(Dataset records):
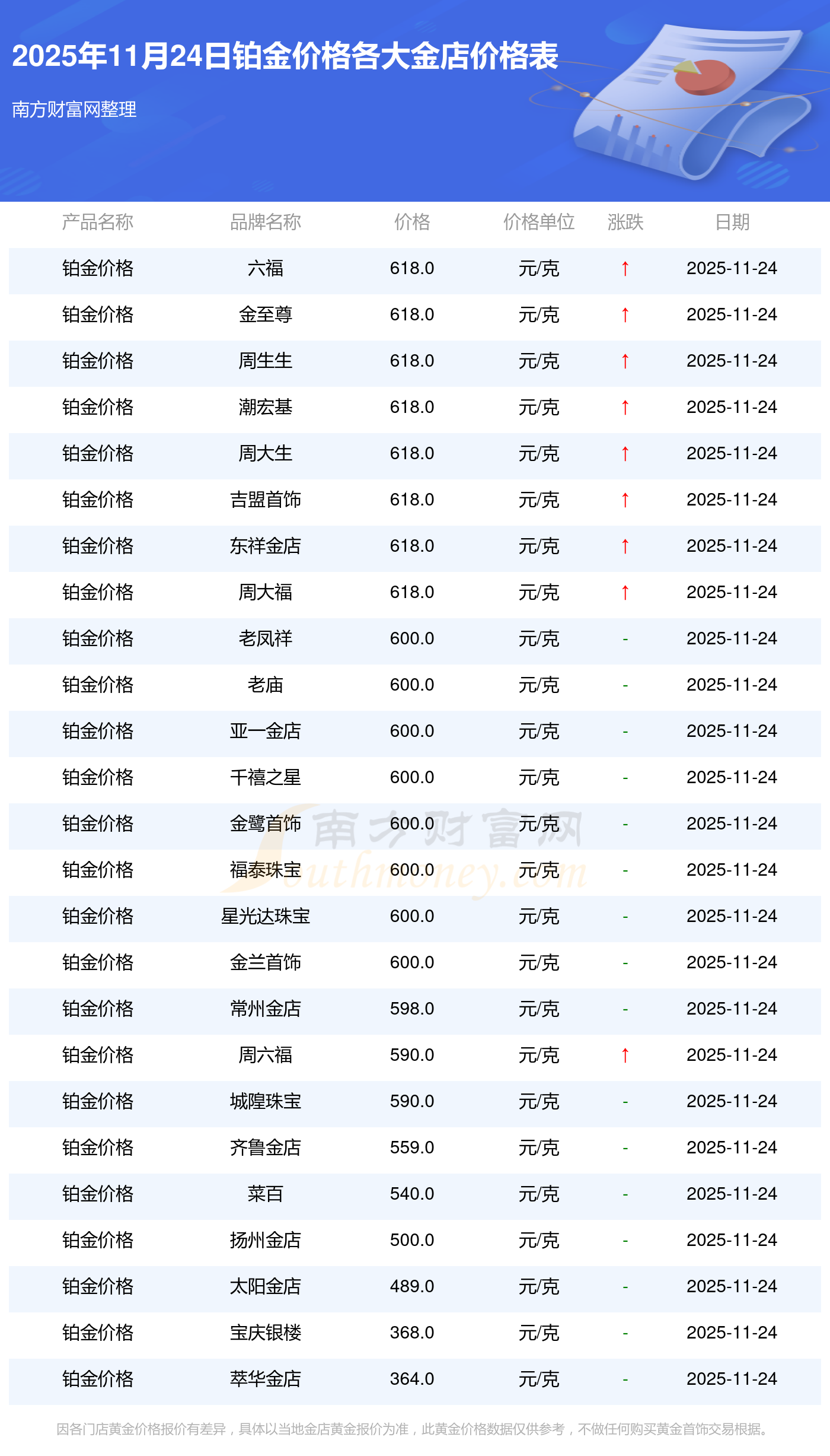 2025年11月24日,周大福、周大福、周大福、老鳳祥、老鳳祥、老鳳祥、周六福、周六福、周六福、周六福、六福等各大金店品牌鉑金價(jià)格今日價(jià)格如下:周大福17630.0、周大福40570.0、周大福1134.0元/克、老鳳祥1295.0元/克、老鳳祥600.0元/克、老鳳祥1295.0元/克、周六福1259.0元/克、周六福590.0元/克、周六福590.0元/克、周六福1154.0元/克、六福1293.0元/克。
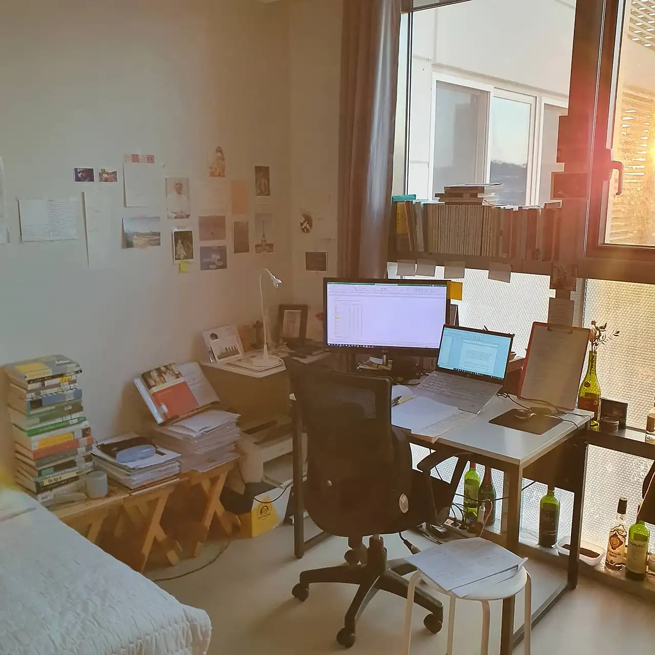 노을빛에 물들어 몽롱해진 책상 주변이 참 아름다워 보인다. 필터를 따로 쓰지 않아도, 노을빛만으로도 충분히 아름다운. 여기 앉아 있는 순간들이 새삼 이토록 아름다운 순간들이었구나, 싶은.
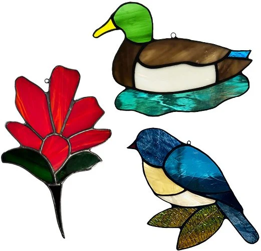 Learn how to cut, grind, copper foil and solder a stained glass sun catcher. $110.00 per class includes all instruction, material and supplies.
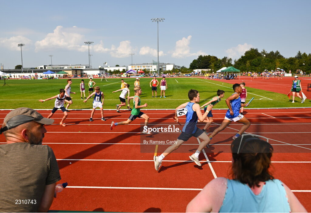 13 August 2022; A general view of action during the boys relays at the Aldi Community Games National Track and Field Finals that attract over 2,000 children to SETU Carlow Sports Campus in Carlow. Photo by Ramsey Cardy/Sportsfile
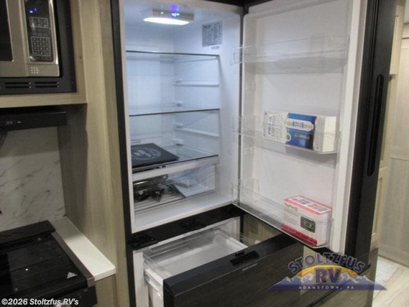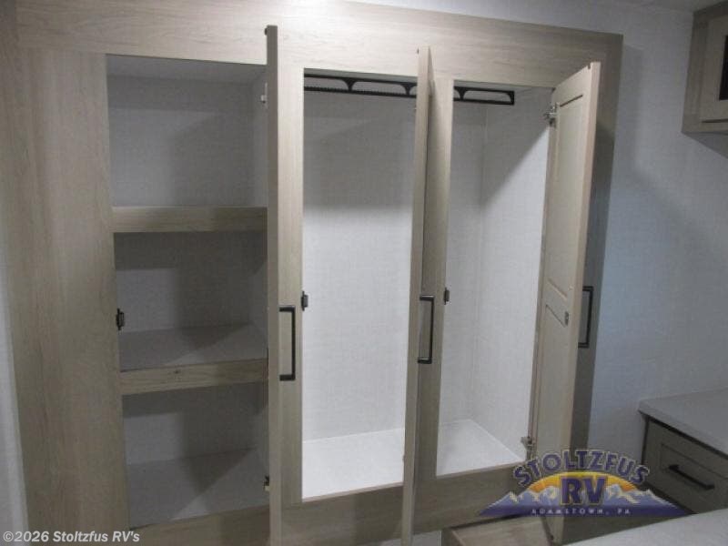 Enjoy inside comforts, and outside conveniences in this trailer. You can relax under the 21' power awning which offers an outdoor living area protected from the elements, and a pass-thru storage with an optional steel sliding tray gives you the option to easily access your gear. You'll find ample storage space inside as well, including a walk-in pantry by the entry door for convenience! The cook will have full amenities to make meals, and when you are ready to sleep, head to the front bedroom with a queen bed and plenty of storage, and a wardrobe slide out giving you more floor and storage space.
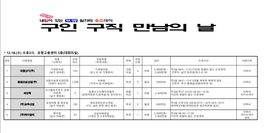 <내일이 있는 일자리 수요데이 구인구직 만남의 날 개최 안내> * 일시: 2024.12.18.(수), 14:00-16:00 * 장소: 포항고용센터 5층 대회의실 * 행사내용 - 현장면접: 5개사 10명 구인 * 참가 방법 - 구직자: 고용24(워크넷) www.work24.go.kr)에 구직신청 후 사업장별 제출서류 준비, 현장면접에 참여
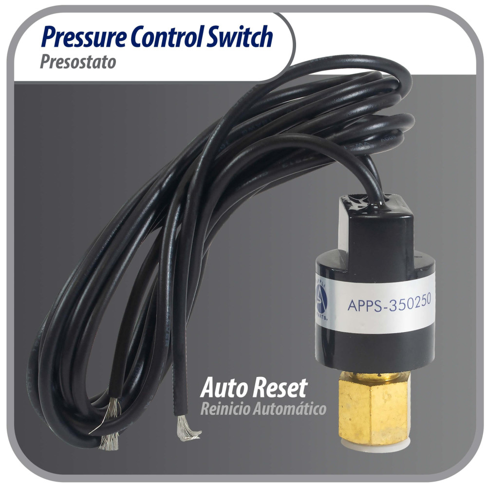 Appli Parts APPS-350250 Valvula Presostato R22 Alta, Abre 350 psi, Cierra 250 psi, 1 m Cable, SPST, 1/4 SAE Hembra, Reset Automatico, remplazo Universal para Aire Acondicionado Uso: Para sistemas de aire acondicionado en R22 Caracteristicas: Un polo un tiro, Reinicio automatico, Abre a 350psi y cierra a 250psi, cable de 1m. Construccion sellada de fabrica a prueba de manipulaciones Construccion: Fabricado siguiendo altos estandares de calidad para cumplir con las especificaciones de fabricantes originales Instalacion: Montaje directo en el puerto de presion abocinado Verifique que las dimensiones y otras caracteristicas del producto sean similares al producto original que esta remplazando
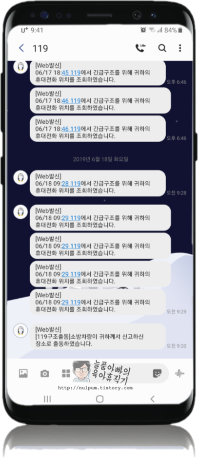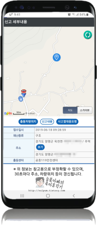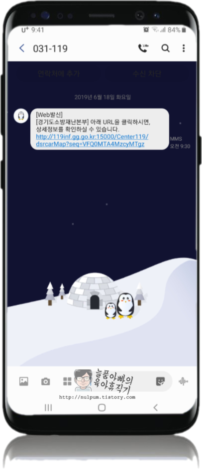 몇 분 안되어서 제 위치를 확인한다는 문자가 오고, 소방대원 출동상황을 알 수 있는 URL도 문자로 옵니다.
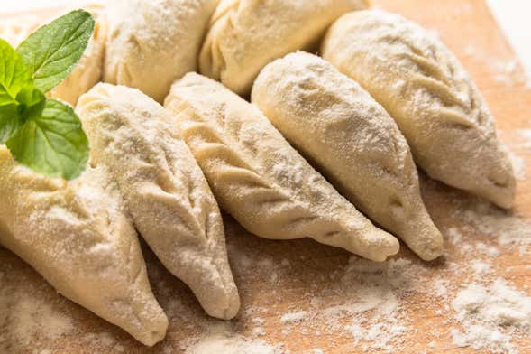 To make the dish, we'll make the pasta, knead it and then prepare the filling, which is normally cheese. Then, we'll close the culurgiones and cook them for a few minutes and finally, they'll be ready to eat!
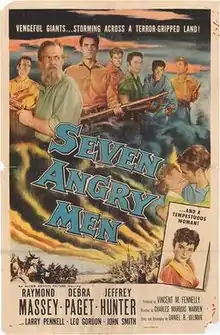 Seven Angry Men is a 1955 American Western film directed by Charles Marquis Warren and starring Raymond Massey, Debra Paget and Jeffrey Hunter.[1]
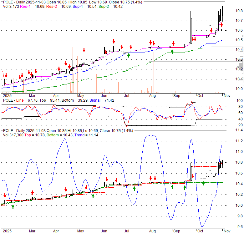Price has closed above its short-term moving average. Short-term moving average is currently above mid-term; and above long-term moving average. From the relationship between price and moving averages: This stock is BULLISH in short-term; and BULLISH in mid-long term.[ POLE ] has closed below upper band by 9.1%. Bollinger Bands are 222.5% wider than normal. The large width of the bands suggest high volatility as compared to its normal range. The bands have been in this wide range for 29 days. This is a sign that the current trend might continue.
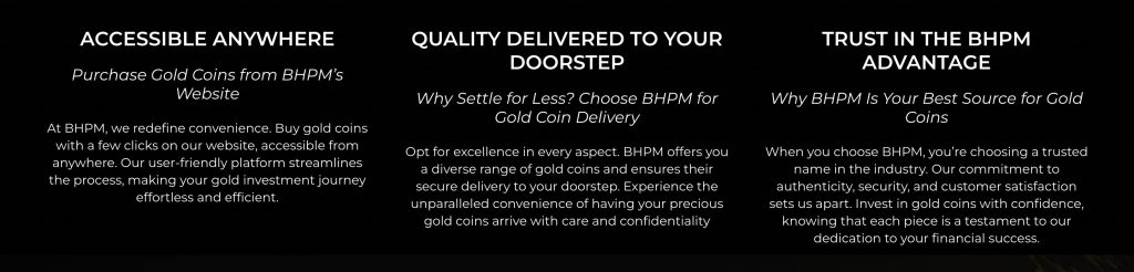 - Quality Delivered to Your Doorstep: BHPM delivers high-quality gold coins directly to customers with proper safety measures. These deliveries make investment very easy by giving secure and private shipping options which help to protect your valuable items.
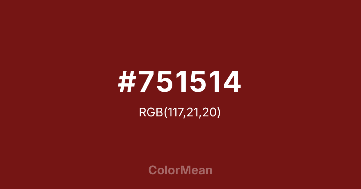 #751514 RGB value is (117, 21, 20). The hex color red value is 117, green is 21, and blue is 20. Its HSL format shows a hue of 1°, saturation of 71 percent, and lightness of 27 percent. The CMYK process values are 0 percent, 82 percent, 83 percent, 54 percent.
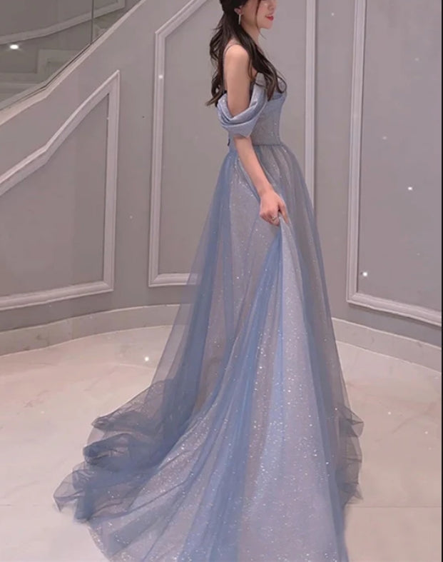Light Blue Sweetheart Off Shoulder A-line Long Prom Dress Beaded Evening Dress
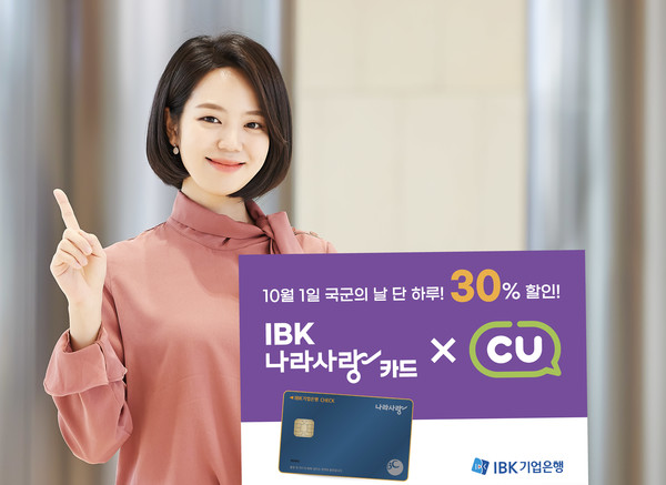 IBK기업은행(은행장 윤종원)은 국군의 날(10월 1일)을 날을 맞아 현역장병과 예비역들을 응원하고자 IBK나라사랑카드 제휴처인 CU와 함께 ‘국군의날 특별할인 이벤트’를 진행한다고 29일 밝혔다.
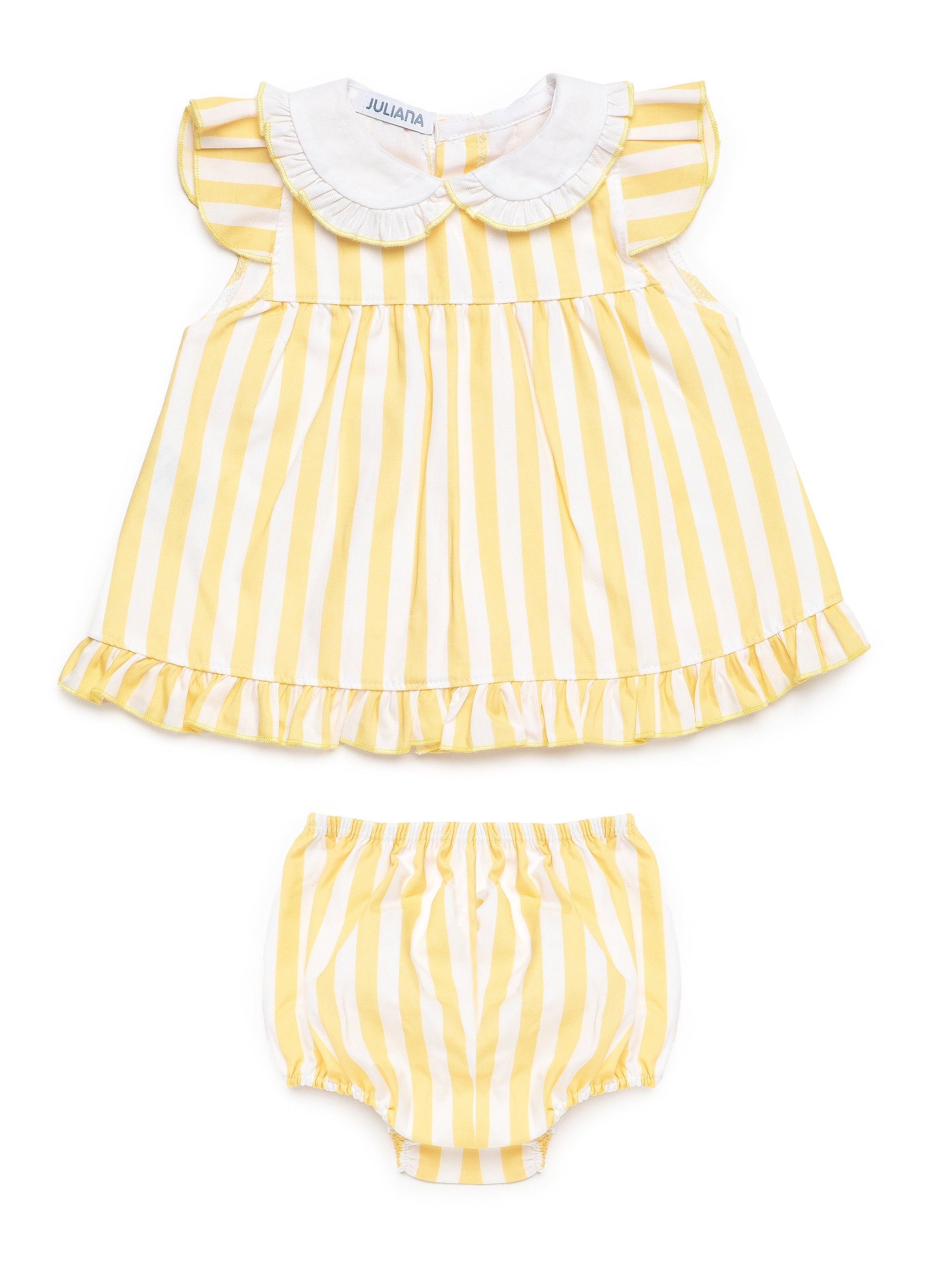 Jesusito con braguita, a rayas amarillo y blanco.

(ABOUT THIS EXERCISE):
Could you transcribe every entry above exactly, leaving out the images?

(RESPONSE TO THE TASK):
 2025年11月24日,周大福、周大福、周大福、老鳳祥、老鳳祥、老鳳祥、周六福、周六福、周六福、周六福、六福等各大金店品牌鉑金價(jià)格今日價(jià)格如下:周大福17630.0、周大福40570.0、周大福1134.0元/克、老鳳祥1295.0元/克、老鳳祥600.0元/克、老鳳祥1295.0元/克、周六福1259.0元/克、周六福590.0元/克、周六福590.0元/克、周六福1154.0元/克、六福1293.0元/克。
 노을빛에 물들어 몽롱해진 책상 주변이 참 아름다워 보인다. 필터를 따로 쓰지 않아도, 노을빛만으로도 충분히 아름다운. 여기 앉아 있는 순간들이 새삼 이토록 아름다운 순간들이었구나, 싶은.
 Learn how to cut, grind, copper foil and solder a stained glass sun catcher. $110.00 per class includes all instruction, material and supplies.
 13 August 2022; A general view of action during the boys relays at the Aldi Community Games National Track and Field Finals that attract over 2,000 children to SETU Carlow Sports Campus in Carlow. Photo by Ramsey Cardy/Sportsfile
 Enjoy inside comforts, and outside conveniences in this trailer. You can relax under the 21' power awning which offers an outdoor living area protected from the elements, and a pass-thru storage with an optional steel sliding tray gives you the option to easily access your gear. You'll find ample storage space inside as well, including a walk-in pantry by the entry door for convenience! The cook will have full amenities to make meals, and when you are ready to sleep, head to the front bedroom with a queen bed and plenty of storage, and a wardrobe slide out giving you more floor and storage space.
 <내일이 있는 일자리 수요데이 구인구직 만남의 날 개최 안내> * 일시: 2024.12.18.(수), 14:00-16:00 * 장소: 포항고용센터 5층 대회의실 * 행사내용 - 현장면접: 5개사 10명 구인 * 참가 방법 - 구직자: 고용24(워크넷) www.work24.go.kr)에 구직신청 후 사업장별 제출서류 준비, 현장면접에 참여
 Appli Parts APPS-350250 Valvula Presostato R22 Alta, Abre 350 psi, Cierra 250 psi, 1 m Cable, SPST, 1/4 SAE Hembra, Reset Automatico, remplazo Universal para Aire Acondicionado Uso: Para sistemas de aire acondicionado en R22 Caracteristicas: Un polo un tiro, Reinicio automatico, Abre a 350psi y cierra a 250psi, cable de 1m. Construccion sellada de fabrica a prueba de manipulaciones Construccion: Fabricado siguiendo altos estandares de calidad para cumplir con las especificaciones de fabricantes originales Instalacion: Montaje directo en el puerto de presion abocinado Verifique que las dimensiones y otras caracteristicas del producto sean similares al producto original que esta remplazando
 몇 분 안되어서 제 위치를 확인한다는 문자가 오고, 소방대원 출동상황을 알 수 있는 URL도 문자로 옵니다.
 To make the dish, we'll make the pasta, knead it and then prepare the filling, which is normally cheese. Then, we'll close the culurgiones and cook them for a few minutes and finally, they'll be ready to eat!
 Seven Angry Men is a 1955 American Western film directed by Charles Marquis Warren and starring Raymond Massey, Debra Paget and Jeffrey Hunter.[1]
Price has closed above its short-term moving average. Short-term moving average is currently above mid-term; and above long-term moving average. From the relationship between price and moving averages: This stock is BULLISH in short-term; and BULLISH in mid-long term.[ POLE ] has closed below upper band by 9.1%. Bollinger Bands are 222.5% wider than normal. The large width of the bands suggest high volatility as compared to its normal range. The bands have been in this wide range for 29 days. This is a sign that the current trend might continue.
 - Quality Delivered to Your Doorstep: BHPM delivers high-quality gold coins directly to customers with proper safety measures. These deliveries make investment very easy by giving secure and private shipping options which help to protect your valuable items.
 #751514 RGB value is (117, 21, 20). The hex color red value is 117, green is 21, and blue is 20. Its HSL format shows a hue of 1°, saturation of 71 percent, and lightness of 27 percent. The CMYK process values are 0 percent, 82 percent, 83 percent, 54 percent.
Light Blue Sweetheart Off Shoulder A-line Long Prom Dress Beaded Evening Dress
 IBK기업은행(은행장 윤종원)은 국군의 날(10월 1일)을 날을 맞아 현역장병과 예비역들을 응원하고자 IBK나라사랑카드 제휴처인 CU와 함께 ‘국군의날 특별할인 이벤트’를 진행한다고 29일 밝혔다.
 Jesusito con braguita, a rayas amarillo y blanco.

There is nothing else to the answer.